Word2Vec Models for Twenty-year Periods of 18C (ECCO, "Literature and Language")
Creator: Ryan Heuser (heuser@stanford.edu | @quadrismegistus)
License: Creative Commons (CC BY-SA)
This is a zipped folder of five word2vec models. Each model was trained on 150 million words randomly sampled from the "Literature and Language" section of Eighteenth-Century Collections Online ("ECCO," by Gale). The five models correspond to the five twenty-year periods of the 18C: 1700-19, 1720-39, 1740-59, 1760-79, 1780-1799.
Each period has two files. One is a gzipped word2vec model, saved in Google's word2vec format, which is readable by word2vec, gensim, and GloVe. The other is a plain text file of the form [word][space][count][newline]. Both files can be easily imported with gensim like this:
import gensim
# Load word2vec model in the form: load_word2vec_format([gzipped model filename], [vocabulary filename])

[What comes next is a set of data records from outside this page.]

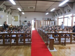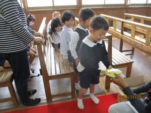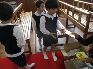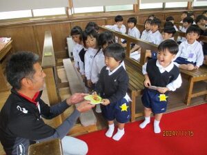 お御堂で七五三のお祝いを先生達と全園児でしました。一人ずつ絵本をプレゼントしています。時間がある時に一緒に読んであげてください。いちご組はありません。これからもみんなが元気に育ちますように、、、
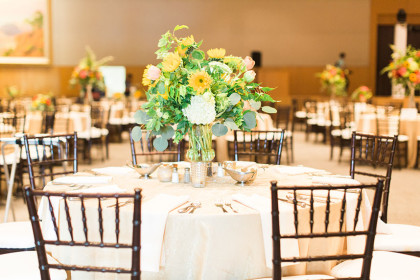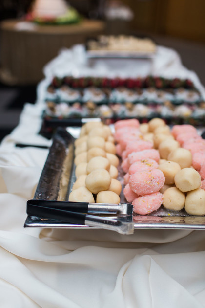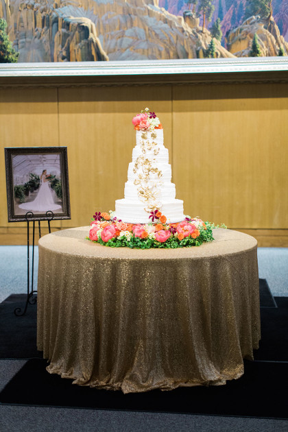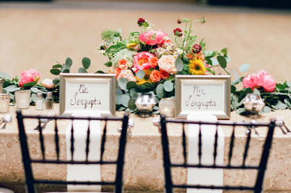 In the light of western cultures, the stunning bride walked down the aisle in a Justin Alexander princess-cut, delicately laced ball gown, accented with a vibrant floral crown bestowed upon her head. Stephanie wore an astounding pair of diamond and pearl dangle earrings and a gold bangle given to her by the grandmother of the groom. The glowing bride gracefully carried a bouquet arrangement done by Birdie Blooms, bringing life and radiance into the wedding.
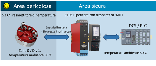 - Determinare le temperature operative del trasmettitore, ad esempio 80 °C ambiente. La temperatura di accensione dell'idrogeno di 560 °C è ben al di sopra del requisito per la classificazione di temperatura Ex T4 = 135 °C. La barriera ha una temperatura ambiente operativa fino a 60 °C nell'area sicura.
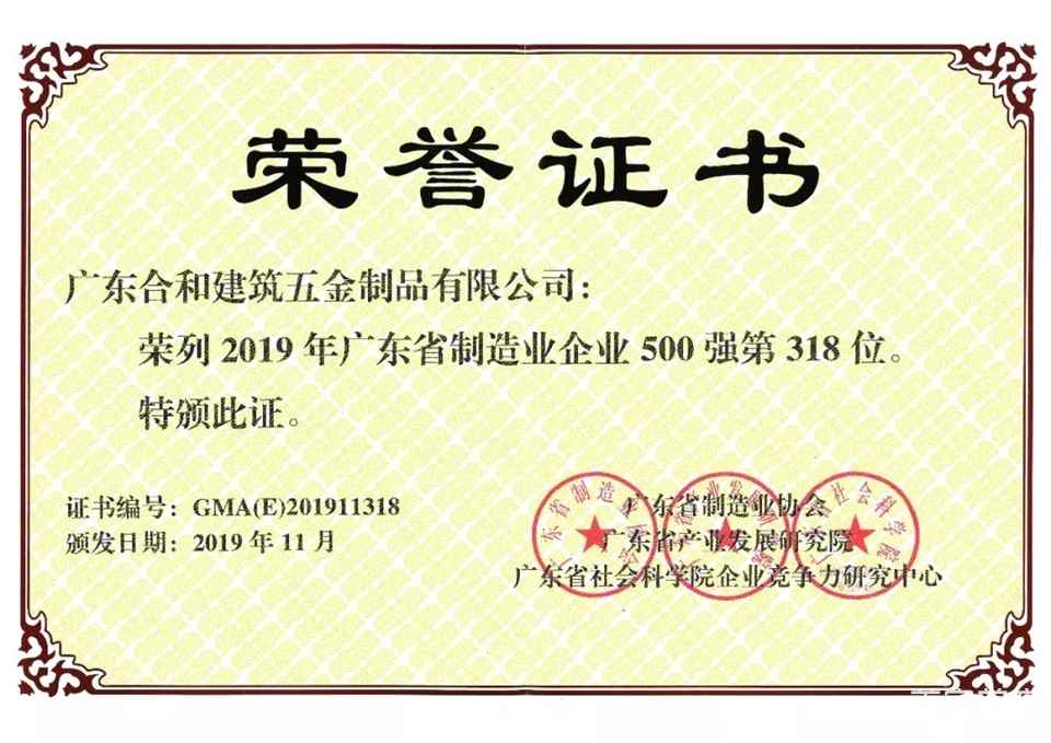 廣東合和建筑五金制品有限公司與華為、富士康、美的等知名企業(yè)躋身成為廣東省制造業(yè)500強(qiáng)企業(yè)!
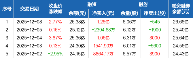 北方华创:融资净买入1.26亿元,融资余额26.38亿元(12-08)
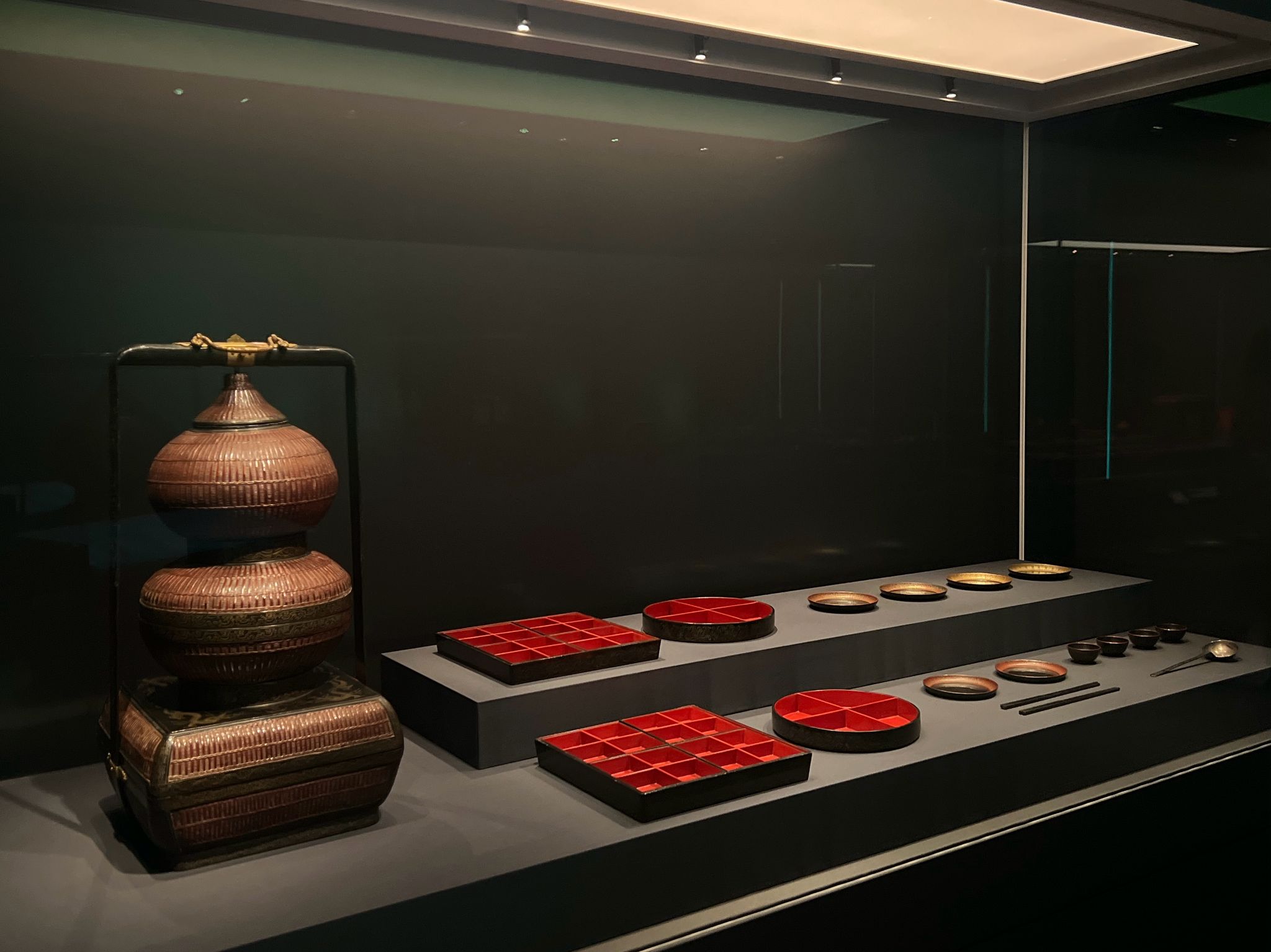 甫入展廳,映入眼簾的是一個(gè)精緻的提盒。香港故宮文化博物館研究員兼策展人蔣得莊向記者介紹,這是清代的「松鶴紋圓提盒」:「紅木製的提盒布滿螺鈿塑造的花紋,枝條、藤蔓等圖案富美感,能看出工藝之精湛?!棺辖莾?nèi),日理萬機(jī)的皇帝並無固定的用餐地方,到用膳時(shí)間,御膳房須將餐具和飯菜送到皇帝身處之地,提盒就是承盛食物與餐具的「外賣盒」。明清時(shí)期,大眾旅遊興盛,這類提盒也常在春天郊遊野餐時(shí)用來盛裝酒菜,設(shè)計(jì)由數(shù)層屜盤組成,有時(shí)盤中帶格,方便放置不同食物,移動(dòng)時(shí)不會(huì)混作一團(tuán)。在展覽中,觀者能欣賞到多種類型提盒,如葫蘆形、方形、圓形。策展團(tuán)隊(duì)也受此啟發(fā),以「移動(dòng)」作為展覽主題,並分為「跨越生死」、「跨越文化」、「跨越山水」展區(qū),以探討飲食器具在精神、文化與空間上的移動(dòng)性。如「跨越生死」展示了陪葬物品「生器」,這些墓葬出土的飲食器物反映了當(dāng)時(shí)人對(duì)飲食文化的重視。展覽呈現(xiàn)的西漢中晚期穀倉、水井、豬舍、屋倉、磨等鉛釉陶明器,代表陵墓主人對(duì)死後依然能夠富足生活的祈求。另一展品、漢代的陪葬品「烤蟬爐」,以低溫鉛釉燒製,爐上放置兩排蟬,反映當(dāng)時(shí)民間有吃蟬的習(xí)俗。

model = gensim.models.Word2Vec.load_word2vec_format('word2vec.ECCO.1700-1719.skipgram_n=10.model.txt.gz', 'word2vec.ECCO.1700-1719.skipgram_n=10.model.vocab.txt')
# Test an analogy: Man is to woman as king is to ____?
print model.most_similar(['woman','king'], ['man'])
The models were trained using a skip-gram size of ten words. In order to reduce file size, each model was pruned of words not in the most frequent 50,000 words for that model / twenty-year period sample.